# No Performance Gain after Y=Pipe install



## dapinoy (Jun 27, 2005)

I had a Warpspeed Y-Pipe installed this past weekend at a local mufller shop. In the last couple of days, I honestly do not feel any difference at all performance wise. 

Things I have checked or should not be the problem:

New Fuel Filter
Knock Sensor replaced 9 months ago
I always use Chevron 91 Octane gas
Throttle Body cleaned about 6 months ago
No Check Engine light
No Codes on ECU
The only other mod I have is a cone intake filter

The pipe itself is quiet, almost as quiet as stock. No "bees in the can" sounds as others might have experienced. 

Maybe I need a tuneup?


----------



## Matt93SE (Sep 17, 2003)

how many miles have you driven since you had it installed?
it can sometimes take up to 300 miles before the ECU will adjust.


----------



## dapinoy (Jun 27, 2005)

Matt93SE said:


> how many miles have you driven since you had it installed?
> it can sometimes take up to 300 miles before the ECU will adjust.

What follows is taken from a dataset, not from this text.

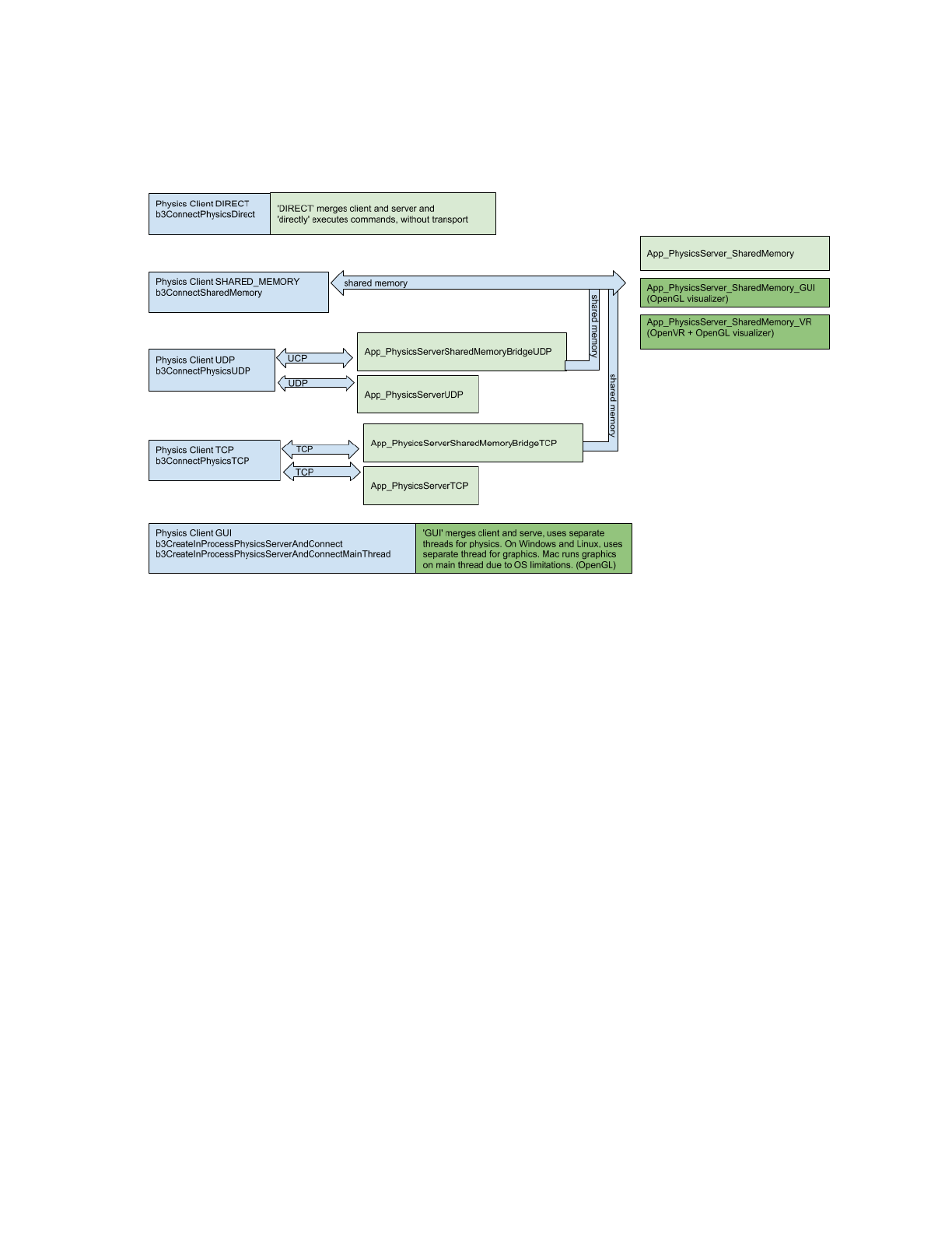 ● Alternatively, you can run the physics server on the remote machine, with UDP or TCP

I have driven it about 100 miles. 

Maybe you're right. Maybe it will take some more time for the ECU to adjust. I will check back in a couple of days.


----------



## brianw (Feb 25, 2004)

Also, keep in mind that a y-pipe is usually less than a 10% increase in horsepower and torque, which is not very much for many people's butt dynos. Often the biggest thing I have noticed with a y-pipe installation is that the car does not feel any faster, but the acceleration feels _smoother_.


----------



## MDeezy (Aug 7, 2004)

also the y-pipe's gains are most felt in the upper rpms around 3.5K and up. Below you wont really feel it as the air flow isnt as restirctive as when you at higher revs. 


also ecu needs time to adjust, taking the terminal off the battery could help speed the process.


----------



## dapinoy (Jun 27, 2005)

OK, it has been close to 200 miles since the install. I think I am starting to feel a difference now, but I was still expecting a bit more. This is based on comments people have made on various Maxima forums and sites on the Internet, saying a Y-Pipe is the best bang for the buck mod, makes a noticeable difference in power(18-20hp), etc, which is why I got it.

My car(97) is an automatic, so maybe a Y-Pipe makes a greater difference on manuals, since as one poster has mentioned, the power is felt over 3500 rpm.

Thanks to all that responded. I initially felt I wasted $200 on this pipe...


----------



## brianw (Feb 25, 2004)

A y-pipe most definitely is not 18-20hp, be it crank or whp... a few freak cars do seem to make that much with an intake/y-pipe combination, but most make more like 10-15fhp/10-15fwtq...


----------